# First Child on the way...!



## akb (19 Aug 2013)

Our first child is on the way soon, due date is 07/09 but we reckon she should be here earlier. Im quite excited!!

Anyway, just wondered how old yours were when they were first introduced to cycling? Can they be introduced after a few months? I.e towed in a cart behind the bike? What sort of stages are available from what ages? I.e balance bike, own bike with stabilisers etc?

Just to clarify, all cycling would be done away from roads on country tracks / parks etc.


----------



## ianrauk (19 Aug 2013)

First off.. congratulations.

My boy was on a balance bike at a very early age. (A Toddle Bike). He was zooming around on the ToddleBike before he could even walk (at 1 year). The trick is to not force them to use it rather then just leave it in the corner and they will play with it and learn to ride it in their own time.

I had him in the bike trailer as soon as he could hold his head up which I think was at about 6 months old.







Here are my boy's bikes.
At the moment (he's 3 and a half) he still prefers his balance bike, but can ride short distances on the pedal bike.

Forget the stabilisers, after using a balance bike, you wont need them and it only encourages them to be lazy.


----------



## JoeyB (19 Aug 2013)

I love that Spesh...its awesome.

My little girl is 18months old and I'll be getting her a balance bike very soon.

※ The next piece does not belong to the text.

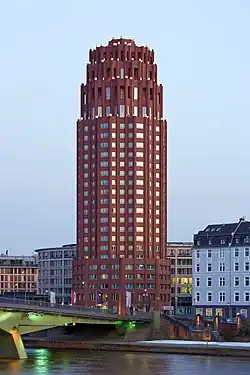 In Berlin, he has designed in Potsdamer Platz a high-rise tower in an old-New York brick style, for DaimlerChrysler. He was also responsible for the master planning of high-rise buildings on the Alexanderplatz.[6] Among his works are also the reconstruction of the former Reichsbank into the new Foreign Office, and the so-called Leibnizkolonnaden in the district of Charlottenburg-Wilmersdorf near the Kurfürstendamm. In 2005 he constructed the inner rooms of the exclusive night club Goya on Nollendorfplatz, that opened on December 1 in the building where the Metropol had formerly been. In Frankfurt am Main he has erected the 88-meter-tall (289 ft) residential building Main Plaza in the Deutschherrnviertel. At Alte Messe Leipzig, he designed in 1996 one of the nine head offices of the German Central Bank.[7] which was in 1999 awarded the Architekturpreis der Stadt Leipzig (Architecture Award of the City of Leipzig).[8]
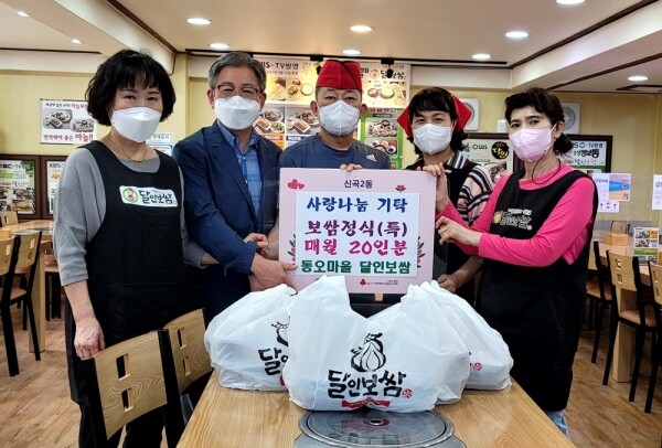 신곡2동 동오마을 내에 소재하고 있는 달인보쌈이 4월부터 월 2회 보쌈정식 10인분을 저소득 취약가구 학생의 건강한 성장을 지원하기 위해 신곡2동주민센터에 기탁하고 있다.

Regarding a trailer, my advice would be don't use one until they can hold their own head up.


----------



## Scoosh (19 Aug 2013)

and Congratulations ! 

It's the biggest single change to your life and lifestyle ever. 

It's also tiring  , hard work  , exhausting  and thrilling  - all at the same time  !

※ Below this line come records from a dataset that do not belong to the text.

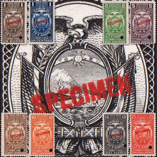 Znaczki zostały urzędowo przedziurkowane oraz umieszczono na nich nadruk „SPECIMEN", czyli przygotowano je do wykorzystania jako wzorce dla urzędników ekwadorskich, którzy mogli w ten sposób porównać znaczek na dokumencie z oryginałem. Było to istotnym, ponieważ oryginalne znaczki były używane, gdy trzeba było pobierać różne podatki skarbowe lub opłaty urzędowe (stąd napis „TIMBRE FISCAL" na znaczkach).
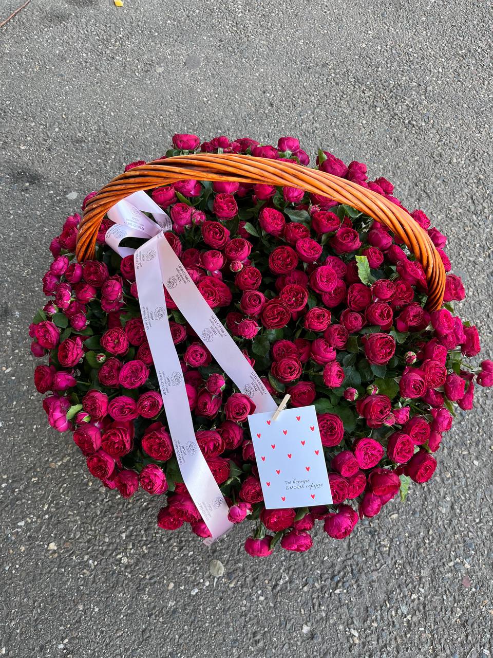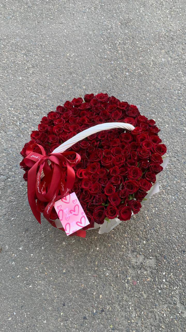 Корзина из 101 красной ароматной розы
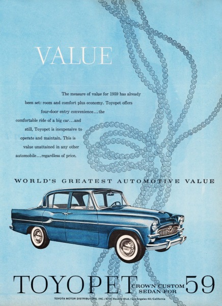 トヨペットクラウンはアメリカにも輸出され、これは1959年の広告。

Balance bikes are definitely the way to go - I think @ianrauk had some videos of his wee one ... if not Ian, then someone else did - Brilliant !


----------



## akb (19 Aug 2013)

Cheers for the advice so far. The stabiliser idea has been scrapped...!

That Spesh does look good; we can have matching bikes lol!


----------



## ianrauk (19 Aug 2013)




----------



## akb (19 Aug 2013)

The balance bike looks awesome. Cant wait to go bike shopping with the littleun!


----------



## macbikes (19 Aug 2013)

Youngest mac was 9 months when I got a front-mounted bike seat Bo-bike mini http://www.conwasa.demon.co.uk/bobike/#Bobike_Mini. Only really used for to school and back.

At 13 months we bought him a Puky LRM https://www.pukyonline.co.uk/LRM/PUKY-LRM-Learner-Balance-Bike-Red/flypage.tpl.html which is one of the smallest balnce bikes available. It was obviously far too big for him at that age, but was bought to put away for when he was a bit bigger.

He was big enough to ride it at 19 months (would maybe have managed a month earlier but he had a broken arm...) even though he is small for his age. He was quickly balancing, whizzing down hills etc.





At 21 months somebody gave us an old fixed wheel 10inch bike with no stabilisers. He could immediately balance on it. The fixed wheel taught him how to pedal after being pushed around a few times. At 22 months he was off and there's no stopping him  Until the bike started to fall to pieces that is.




For his second birthday we got him a Specialized Hotrock 12. We had to cut the seatpost down so he could touch the ground. Even so it was a while before I didn't have to be running beside him to catch him when he stopped because he couldn't reach the ground...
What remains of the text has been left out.